Jade: Great words of wisdom :) Well I’ve enjoyed discussing this book, and thank you for taking my recommendation to read it. I’ll have to finish your recommendations soon so we can talk about them!!

me: I’m so glad we’ve had the chance to finally have this conversation!

 What would you add to our discussion?

If you have a Twitter, I’d love for you to follow me @LindseyReneeGc.
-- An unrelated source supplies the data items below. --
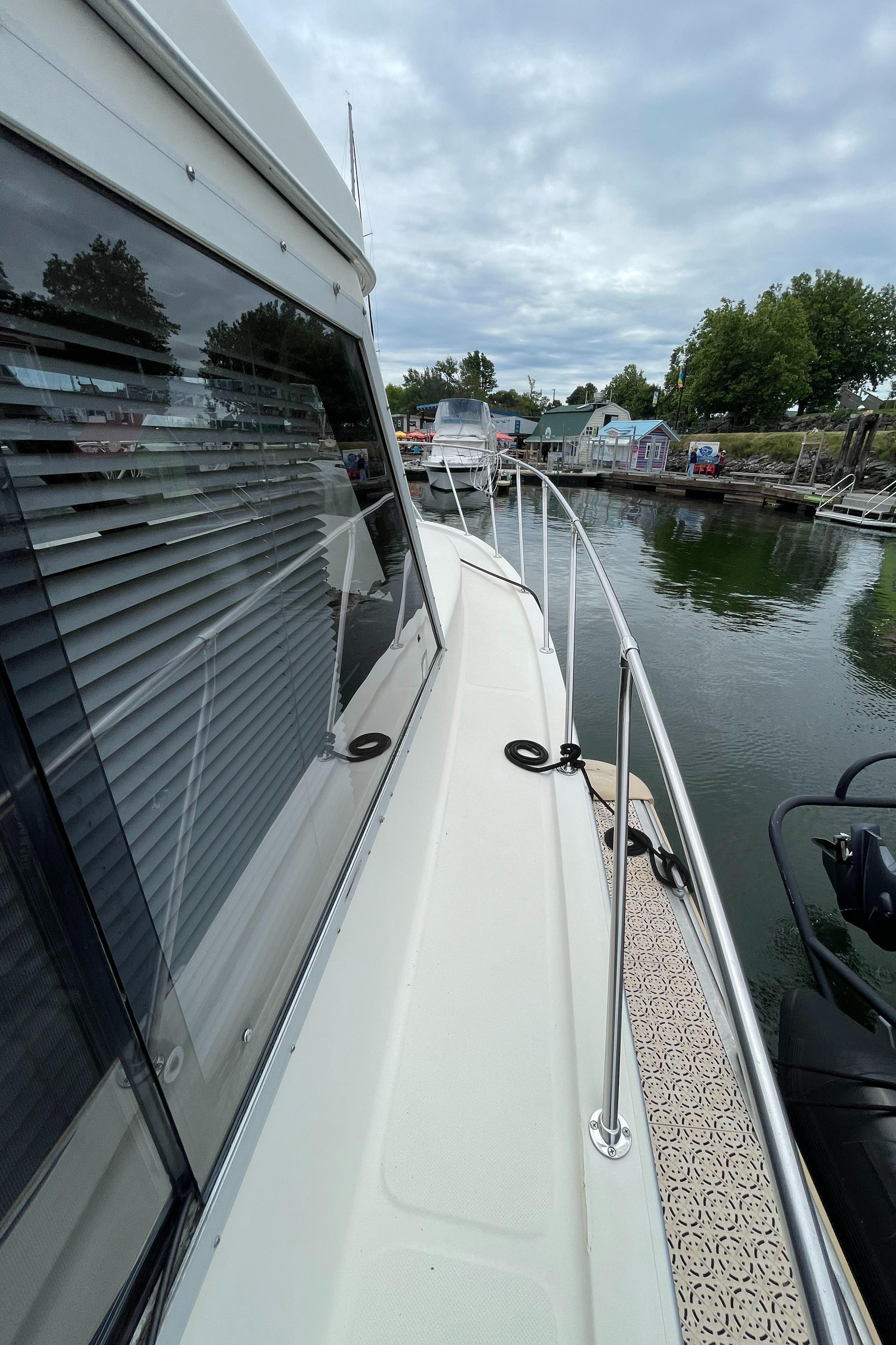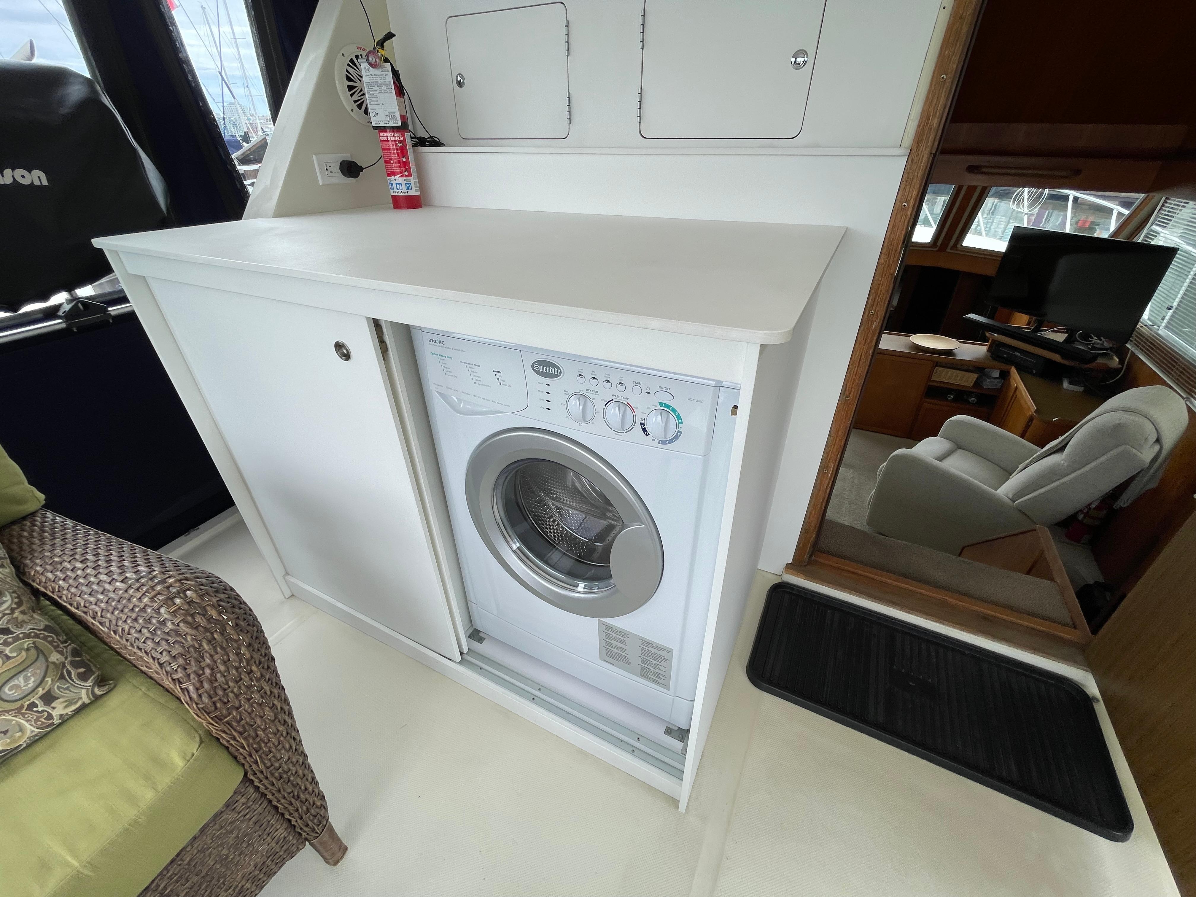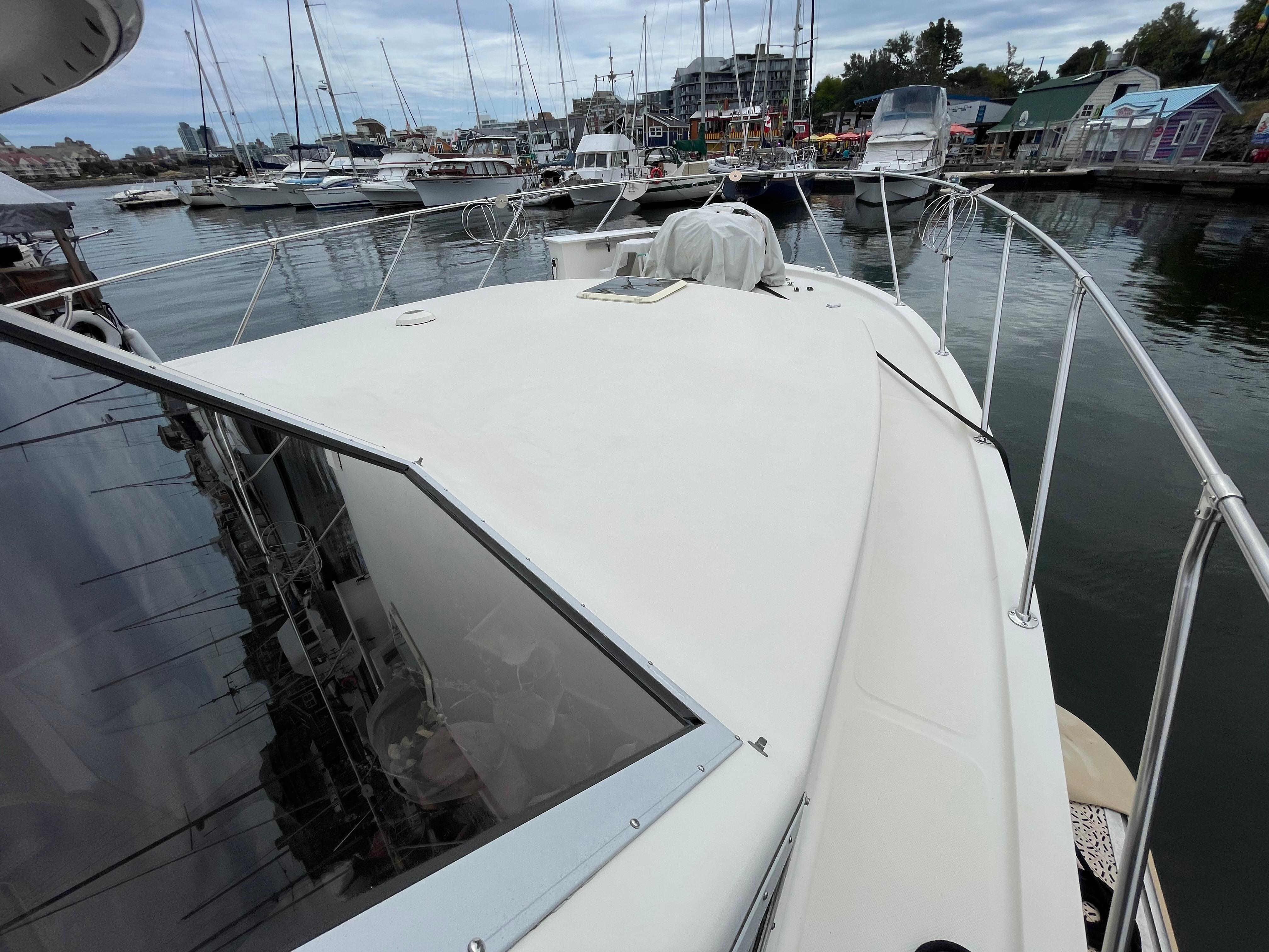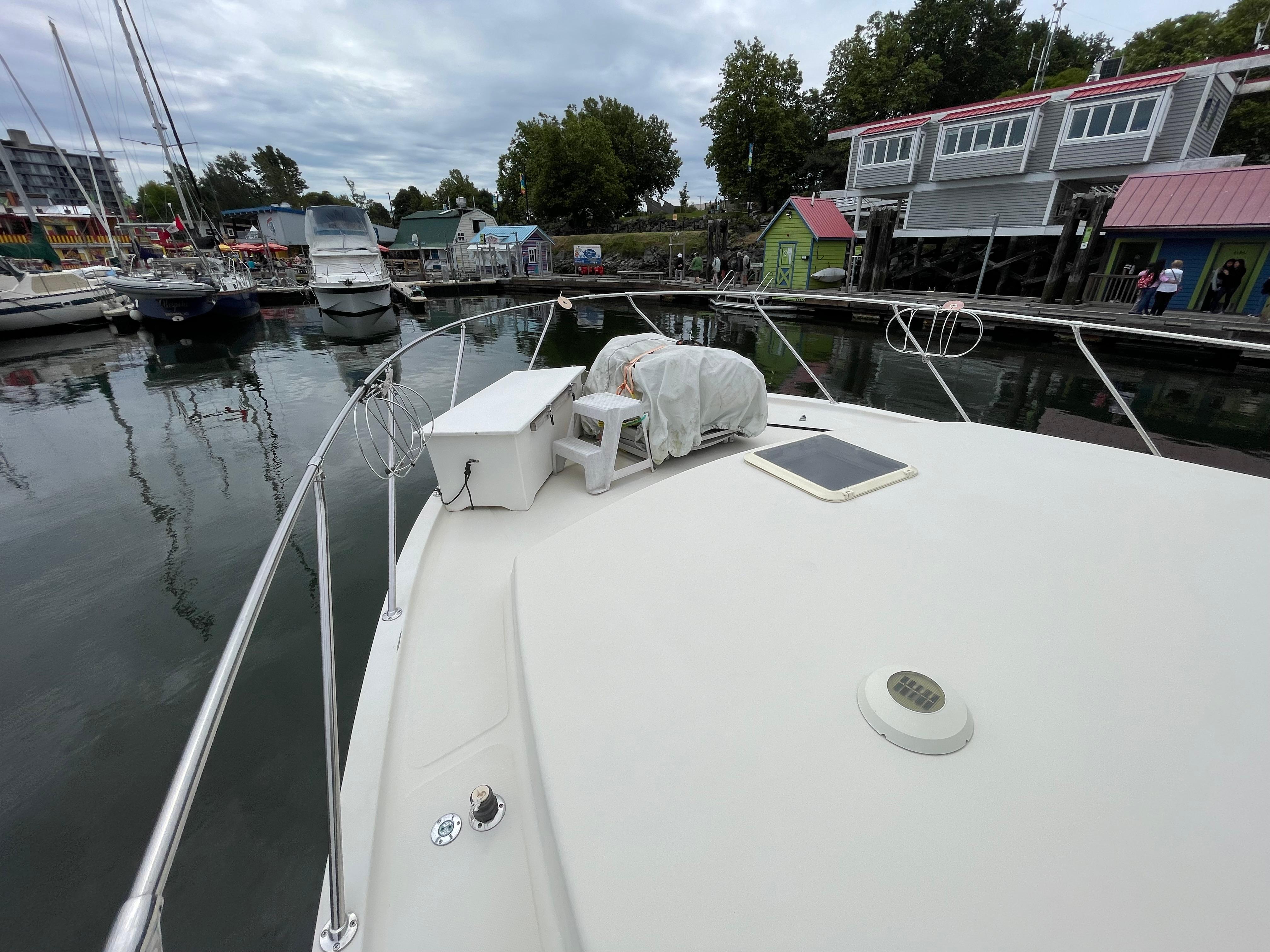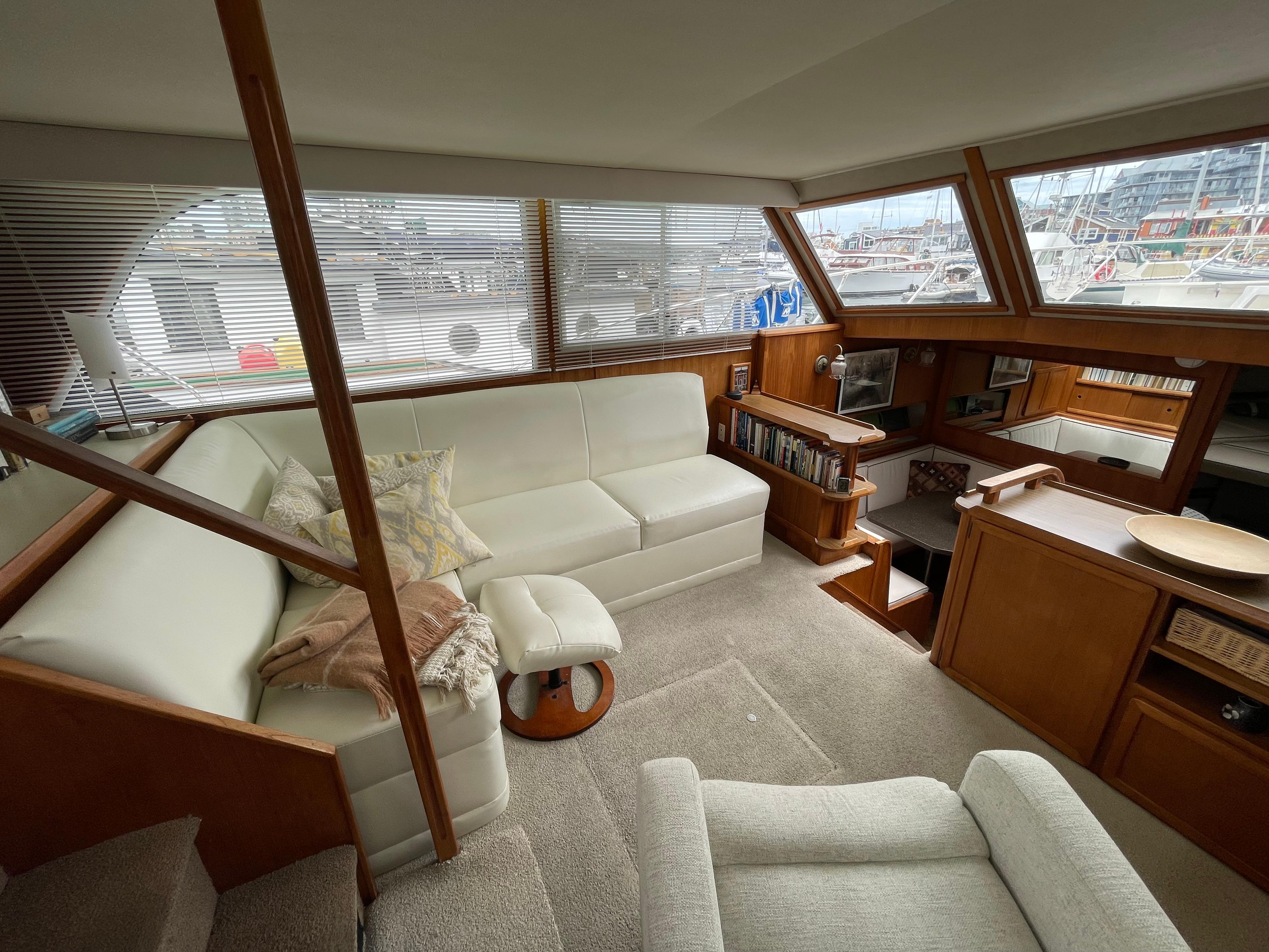 As soon as you walk up the ladder from the swim platform onto the aft deck you will feel at home under a hard top with new windows in the canvas enclosure and a lovely seating arrangement. The enclosed flybridge features a single helm seat with an L-shaped settee for guests. The helm boasts a new Simrad chartplotter with Radar overlay, autopilot, VHF, NMEA 2000 backbone (not installed), GoFree WiFi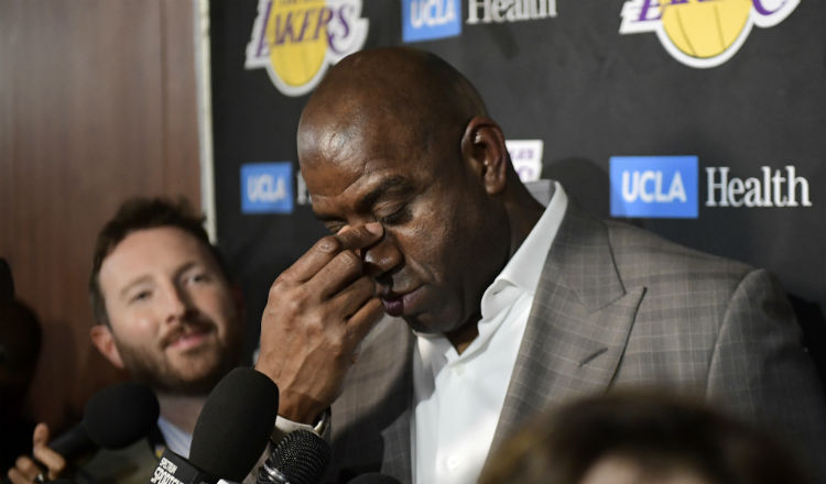 Magic Johnson no informó a la dueña Jeannie Buss ni al gerente general Rob Pelinka antes de anunciar su decisión frente a un grupo de reporteros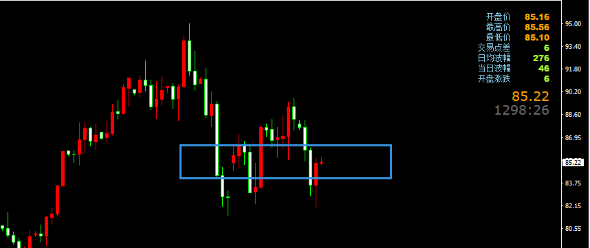原油回踩84.5附近多,防守83.8,看86上方,反抽初见86.8附近空,防守87.5,看85附近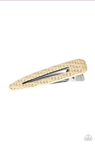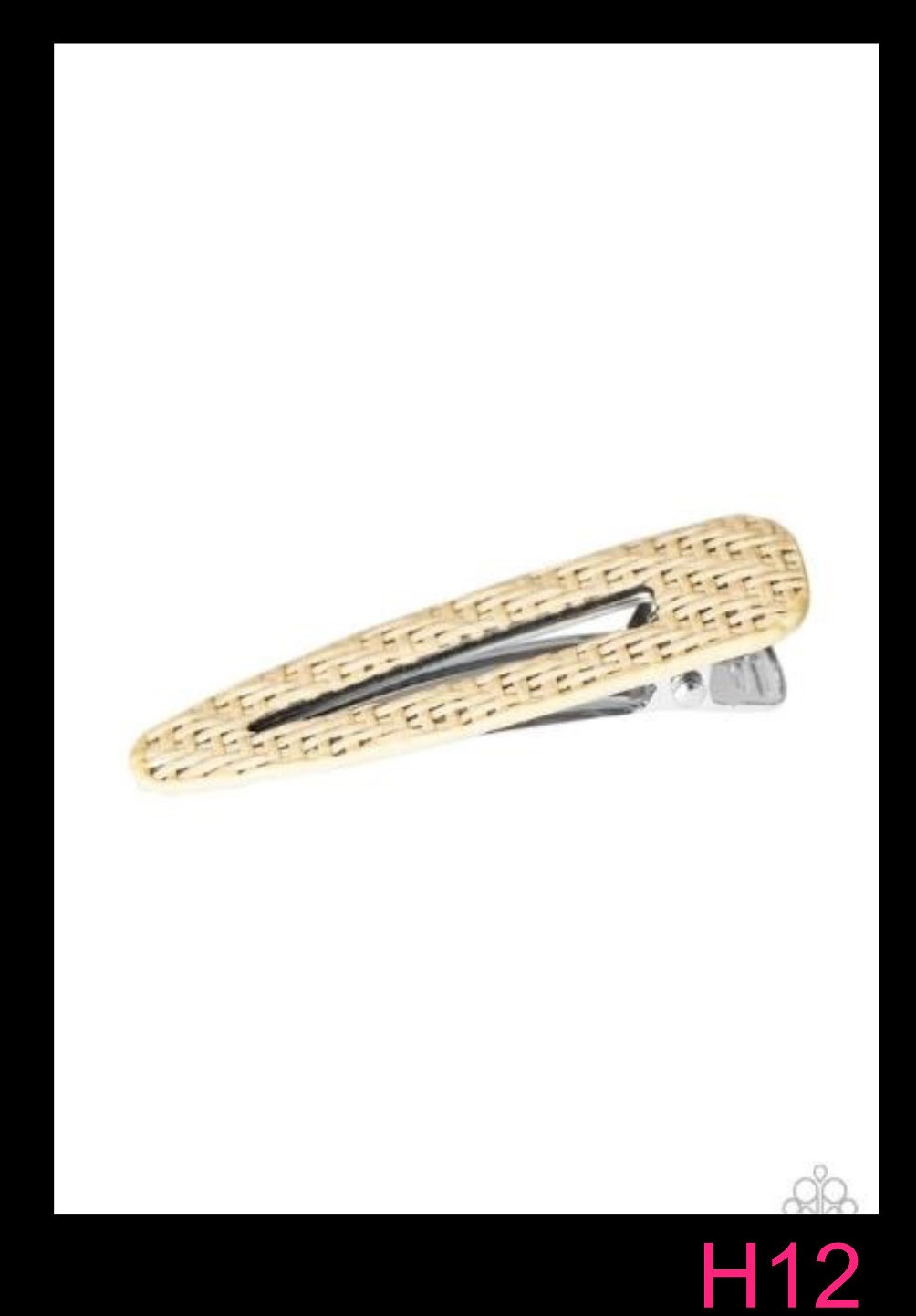 Brown twine-like cording weaves across the front of a silver frame, creating a wicker-like pattern for a rustic flair. Features a standard hair clip. Sold as one individual hair clip.

One thought on “Conversations With A Friend: The Challenges of Living Outside of ROOM

  1. Fascinating discussion.

    Concerning your readings of the book, I particularly appreciate hearing the tensions of how Ma feels versus how Jack feels (in relation to how many people believe they ought to feel). But even more, this child-like perspective is one I miss increasingly as I grow older (distance surely plays some role) such that I’m ever impressed with the ‘we can go there, but we can’t go back’ (whether we should if we were able to is unanswerable). It reminds me so much of the feelings of loss I experience when reading Narnia. In coming back there is always loss, but what lessons we have learnt here are meant to be applied elsewhere – back in a wore-torn country in which children have little place. But the true England yet calls and it is near to the true Narnia; the country yet unseen. That feeling of loss may yet be met and met truly as it has yet only been met partially. And then we shall play in the true river and care little for the loss of change.

    On a larger note (of importance, not of length), ‘seeing’ your friendship was particularly appreciable. With close friends there are certain manners of like (and unlike) mindedness which come with maturity. I am proud to know (not as well as I should like) two mature thinkers in whose thoughts the ink hasn’t as yet dried fully. Moreso, I here observe two wisening young women who have much to offer.